PROBLEM STATEMENT:
Exactly as written, return all the data, leaving its pictures behind.

AVAILABLE DATA:
= Beginning of Section =

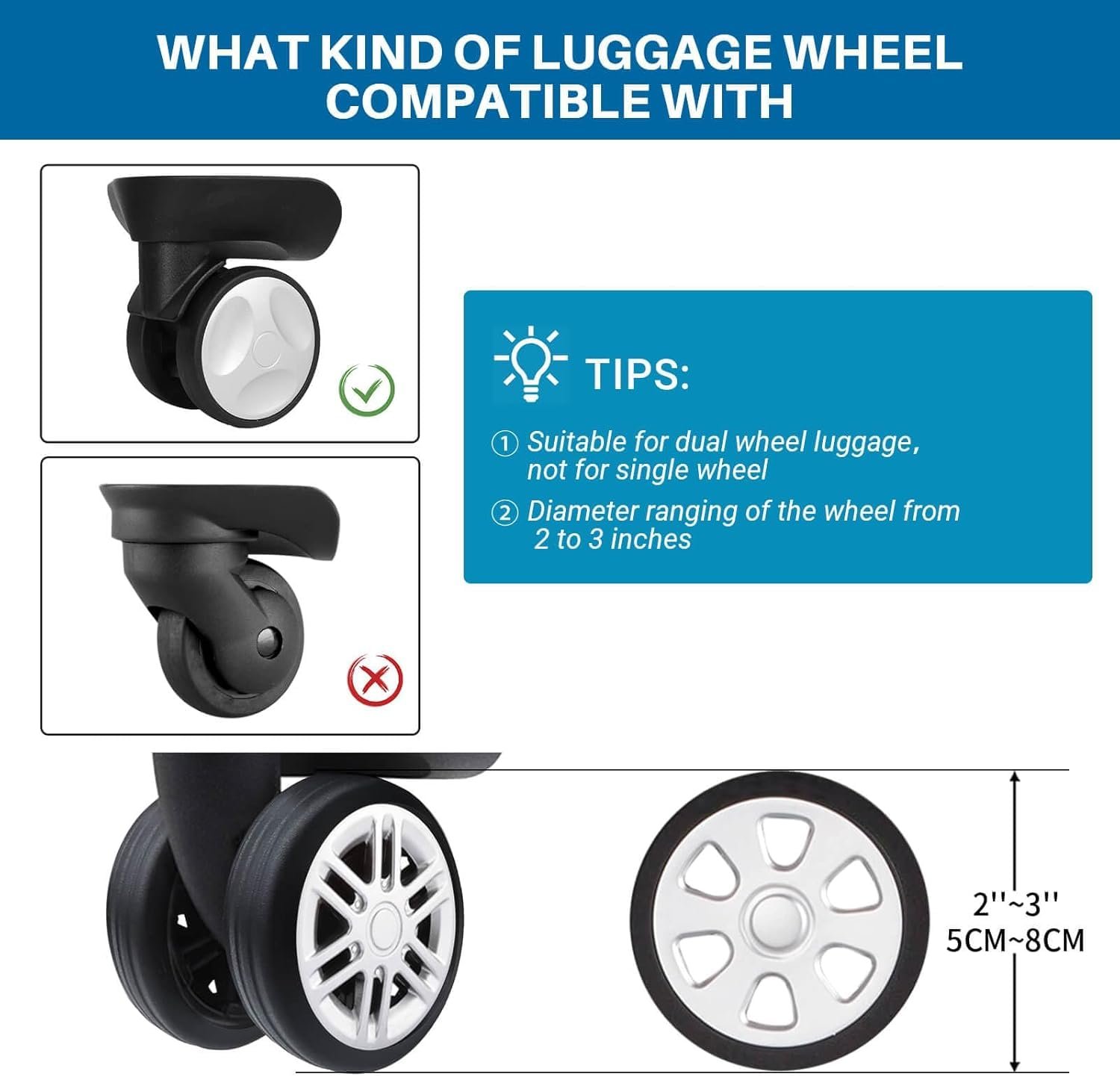 The dimensions of wheel covers is 2.2 x 2.2 x 0.6in, a total of 8pcs, which conforms to most luggage tires, but it is necessary to note that it is not compatible with too small or too large tires, please confirm the number and size of tires before you purchase.
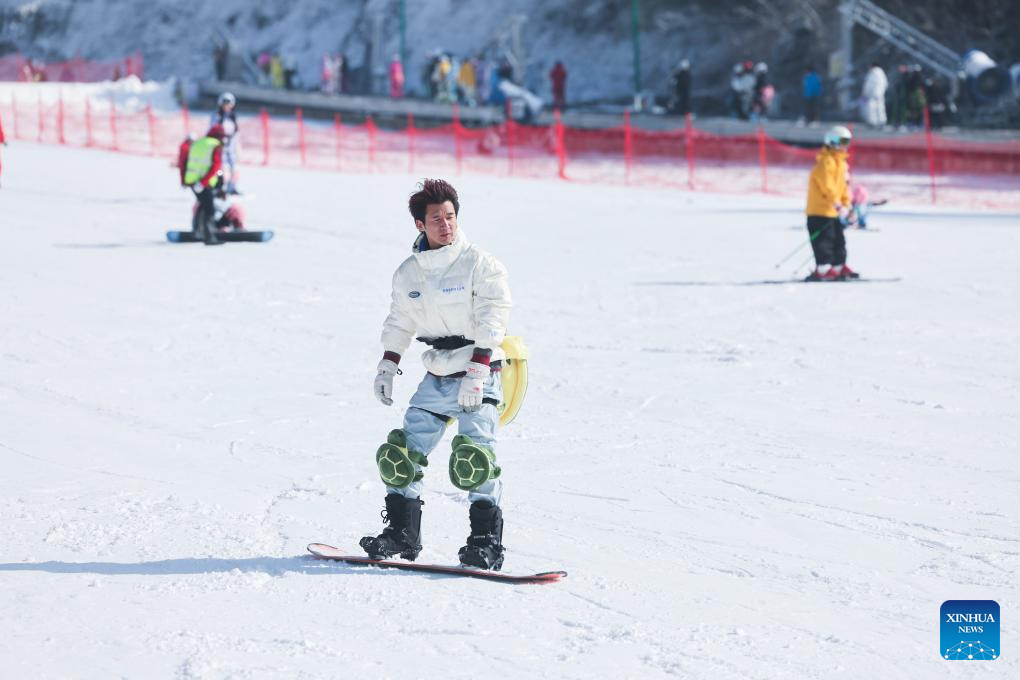Tourists have fun at the SkyLand ski resort in Anji County of Huzhou City, east China's Zhejiang Province on Dec. 28, 2025. Skiing and a variety of other winter sports have become a popular seasonal pastime for a growing number of people in Zhejiang Province. The province boasts many ice and snow resorts, both indoor and outdoor, providing ample choices for enthusiasts. Notable examples include the Wansongling Ski Resort in Hangzhou, Qiaobo Ice and Snow World in Shaoxing, Taihu Lake Longemont Paradise in Huzhou, SkyLand ski resort in Anji, and Pan'an ski Resort in Jinhua. Moreover, such facilities are increasingly taking root across the province.
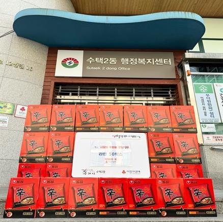 [한국뉴스타임=편집국] 구리시 수택2동 행정복지센터는 지난 31일 럭키24시마트로부터 신라면(20입) 50박스를 후원받았다.
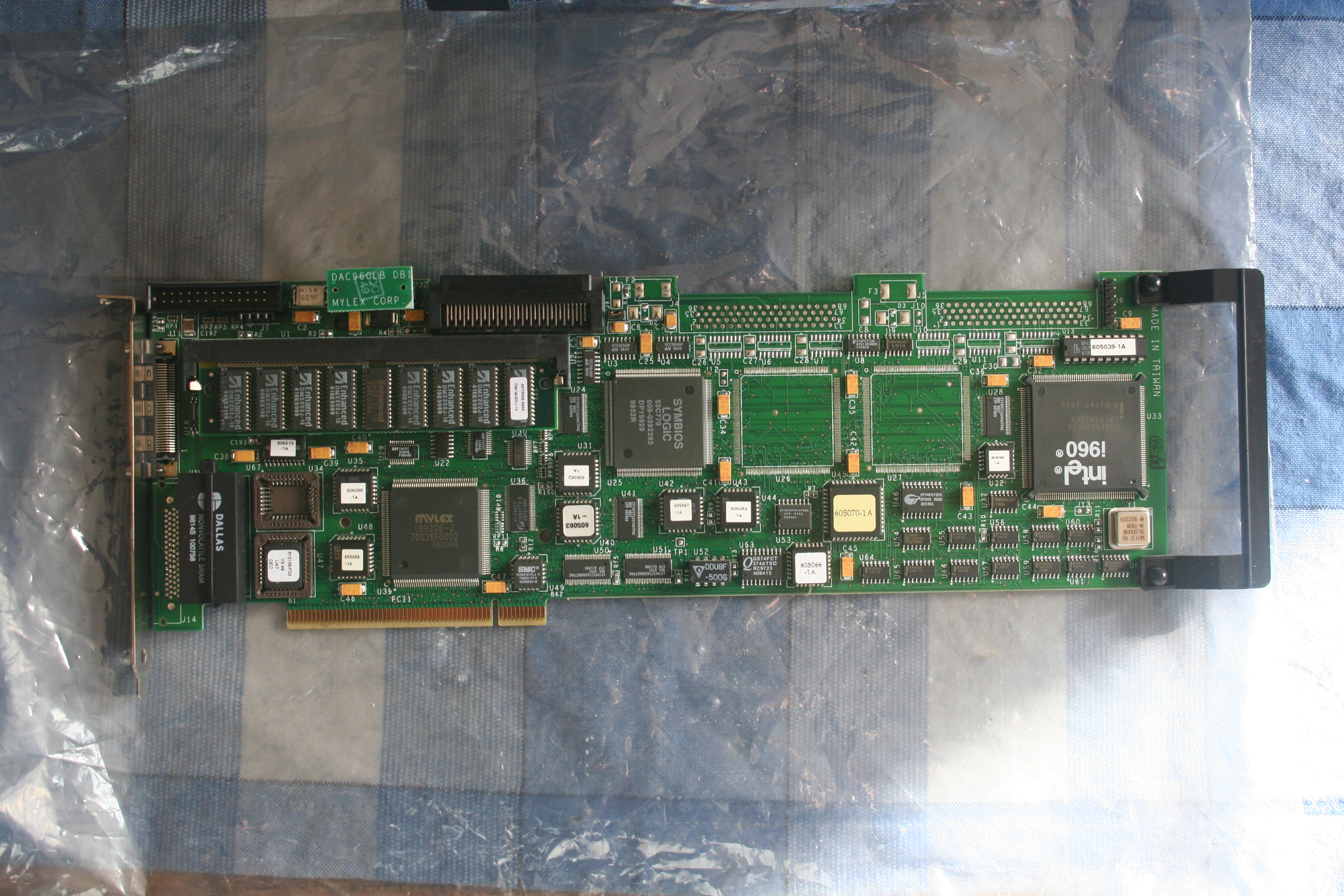 title="Front of the Mylex DAC960 (a KZPAC or something like that). It has an Intel i960 CPU. The black box on the left labeled "DALLAS" probably means the card will die in a few years (there is a battery sealed in there which doesn't last forever)."/>
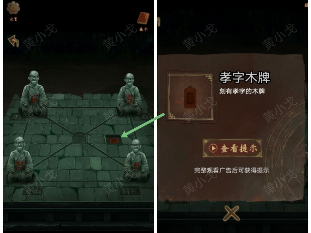 14.点击镜面,查看游戏说明,完成小游戏,接住【信字木牌】

= End of Section =

OUTPUT OF THE EXERCISE:
 The dimensions of wheel covers is 2.2 x 2.2 x 0.6in, a total of 8pcs, which conforms to most luggage tires, but it is necessary to note that it is not compatible with too small or too large tires, please confirm the number and size of tires before you purchase.
Tourists have fun at the SkyLand ski resort in Anji County of Huzhou City, east China's Zhejiang Province on Dec. 28, 2025. Skiing and a variety of other winter sports have become a popular seasonal pastime for a growing number of people in Zhejiang Province. The province boasts many ice and snow resorts, both indoor and outdoor, providing ample choices for enthusiasts. Notable examples include the Wansongling Ski Resort in Hangzhou, Qiaobo Ice and Snow World in Shaoxing, Taihu Lake Longemont Paradise in Huzhou, SkyLand ski resort in Anji, and Pan'an ski Resort in Jinhua. Moreover, such facilities are increasingly taking root across the province.
 [한국뉴스타임=편집국] 구리시 수택2동 행정복지센터는 지난 31일 럭키24시마트로부터 신라면(20입) 50박스를 후원받았다.
 title="Front of the Mylex DAC960 (a KZPAC or something like that). It has an Intel i960 CPU. The black box on the left labeled "DALLAS" probably means the card will die in a few years (there is a battery sealed in there which doesn't last forever)."/>
 14.点击镜面,查看游戏说明,完成小游戏,接住【信字木牌】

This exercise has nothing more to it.